Pharmacologic induction of cardiovascular stress may be associated with serious adverse reactions such as myocardial infarction, arrhythmia, hypotension, bronchoconstriction, and cerebrovascular events. Perform pharmacologic stress testing in accordance with the pharmacologic stress agent’s prescribing information and only in the setting where cardiac resuscitation equipment and trained staff are readily available.

5.4 Volume Overload

Patients with congestive heart failure or the elderly may experience a transitory increase in circulatory volume load.

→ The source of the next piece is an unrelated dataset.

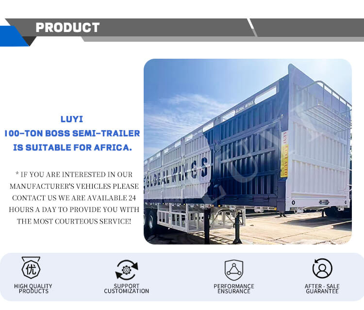 The trailer features solid and reliable configurations. It adopts a 3-axle design, with optional 13T/14T/16T/20T axles from BPW or FUWA brands, matched with mechanical or air suspension. It is fitted with 12R22.5 tires, ensuring stable driving and adaptability to various road conditions. Equipped with JOST standard 28-ton landing gear, it provides stable support and easy operation. The product supports custom body colors, balancing structural strength and personalized needs to offer a safe and flexible professional solution for heavy cargo transportation.

5.5 Cumulative Radiation Exposure: Long-Term Risk of Cancer

Rubidium Rb 82 chloride injection, similar to other radiopharmaceuticals, contributes to a patient’s overall long-term cumulative radiation exposure. Long-term cumulative radiation exposure is associated with an increased risk of cancer. Use the lowest dose of rubidium Rb 82 chloride injection necessary for imaging and ensure safe handling to protect the patient and health care worker [see Dosage and Administration (2.1) and (2.2)]. Encourage patients to void as soon as a study is completed and as often as possible thereafter for a least one hour.

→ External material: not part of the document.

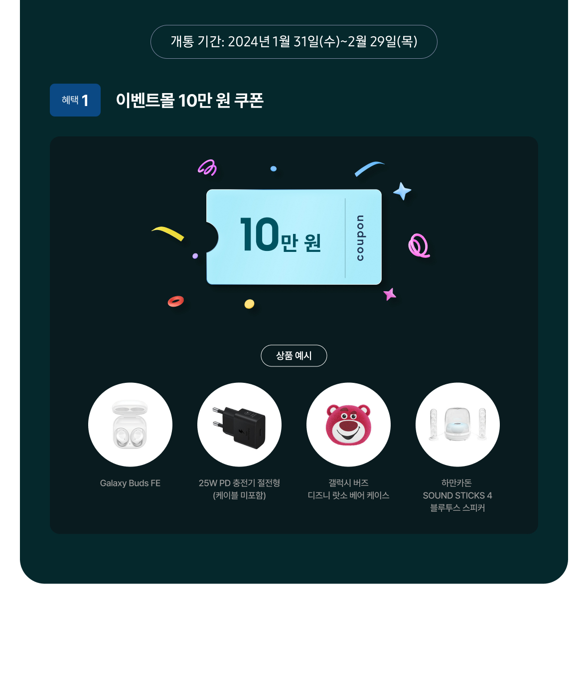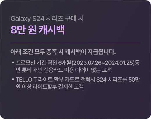 * 2024년 1월 31일(수)~2월 29일(목) 기간 내 Galaxy S24 시리즈를 개통하신 고객님(최초 통화일 기준, 사전 구매자 제외) 대상 혜택입니다.

6.1. Clinical Trials Experience

The following serious adverse reactions have been identified during postapproval use of CardioGen-82. Because these reactions are reported voluntarily from a population of uncertain size, it is not always possible to reliably estimate their frequency or establish a causal relationship to drug exposure.

Radiation Exposure

High level radiation exposure to the bone marrow has occurred in some patients due to Sr 82 and Sr 85 breakthrough in the eluate when an incorrect solution was used to elute the rubidium Rb 82 generator [see Boxed Warning and Warnings and Precautions (5.1)].

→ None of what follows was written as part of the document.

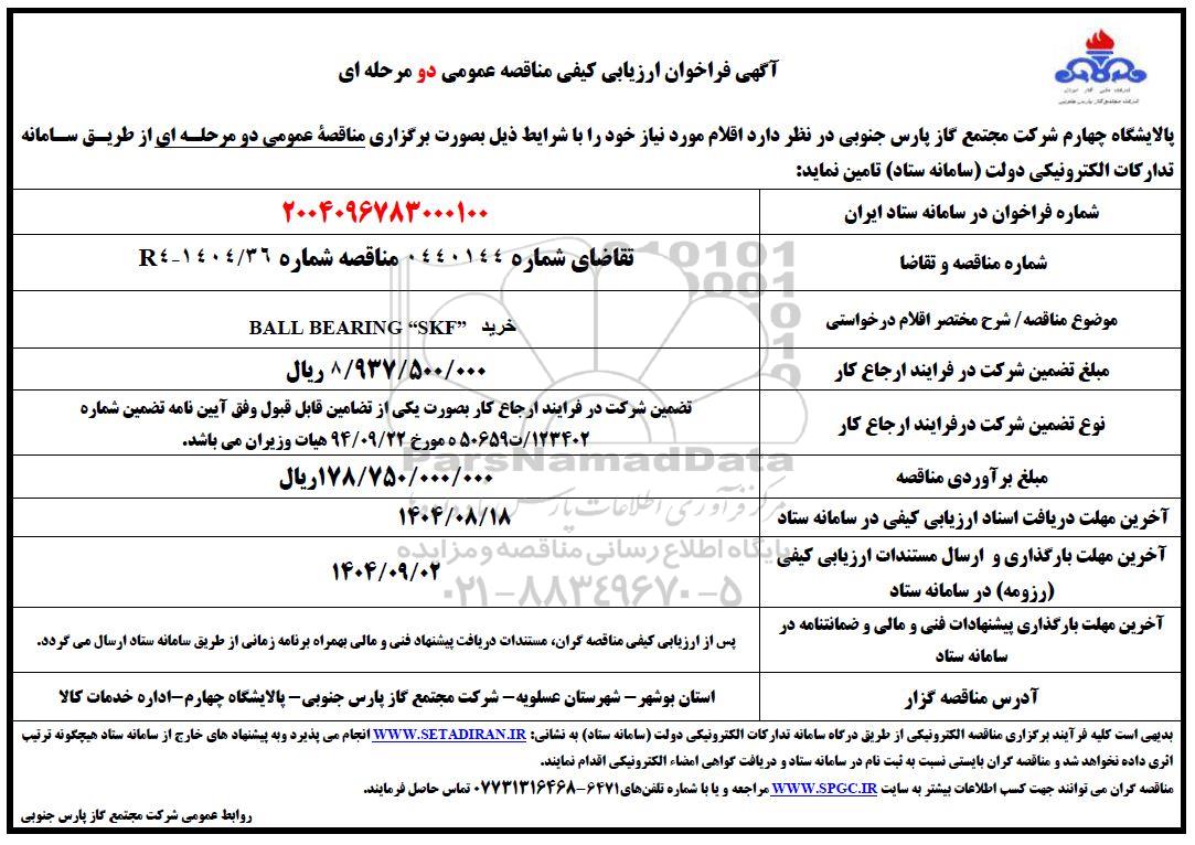 فراخوان ارزیابی کیفی مناقصه خرید BALL BEARING "SKF", فراخوان ارزیابی کیفی مناقصه خرید BALL BEARING "SKF"

Excess radiation exposure has occurred in some patients who received rubidium Rb 82 chloride injections at clinical sites where generator eluate testing appeared insufficient [see Boxed Warning, Warnings and Precautions (5.2), and Dosage and Administration (2.6 or 2.7)].

8.1. Pregnancy

Risk Summary

There are no data available on the use of rubidium Rb 82 chloride in pregnant women. Animal reproductive studies have not been conducted with rubidium Rb 82 chloride injection. However, all radiopharmaceuticals have the potential to cause fetal harm depending on the fetal stage of development and the magnitude of the radiation dose. If considering rubidium Rb 82 chloride injection administration to a pregnant woman, inform the patient about the potential for adverse pregnancy outcomes based on the radiation dose from rubidium Rb 82 and the gestational timing of exposure.

The estimated background risk of major birth defects and miscarriage for the indicated population is unknown. In the U.S. general population, the estimated background risk of major birth defects and miscarriage in clinically recognized pregnancies is 2-4% and 15-20%, respectively.

8.2. Lactation

Risk Summary

There is no information regarding the presence of Rb 82 chloride in human milk, the effects on the breastfed infant or the effects on milk production. Due to the short half-life of rubidium Rb 82 (75 seconds), exposure of a breastfed infant through breast milk can be minimized by temporary discontinuation of breastfeeding [See Clinical Considerations]. The developmental and health benefits of breastfeeding should be considered along with the mother’s clinical need for Rb 82 chloride injection, any potential adverse effects on the breastfed child from Rb 82 or from the underlying maternal condition.

Clinical Considerations

Minimizing Exposure

Exposure to Rb 82 chloride through breast milk can be minimized if breastfeeding is discontinued when Rb 82 chloride injection is administered. Do not resume breastfeeding until at least one hour after completion of rubidium Rb 82 chloride injection infusion.

8.4. Pediatric Use

Rubidium Rb 82 chloride injection safety and effectiveness in pediatric patients have not been established.

8.5. Geriatric Use

In elderly patients with a clinically important decrease in cardiac function, lengthen the delay between infusion and image acquisition [see Dosage and Administration (2.3)]. Observe for the possibility of fluid overload [see Warnings and Precautions (5.4)].

8.6. Renal Impairment

Reductions in renal function are not anticipated to alter clearance of rubidium Rb 82 chloride injection because Rb 82 decays to stable Kr-82 with a half-life of 75 seconds and Kr-82 is exhaled through the lungs.

8.7. Hepatic Impairment

Reductions in hepatic function are not anticipated to alter clearance of rubidium Rb 82 chloride injection.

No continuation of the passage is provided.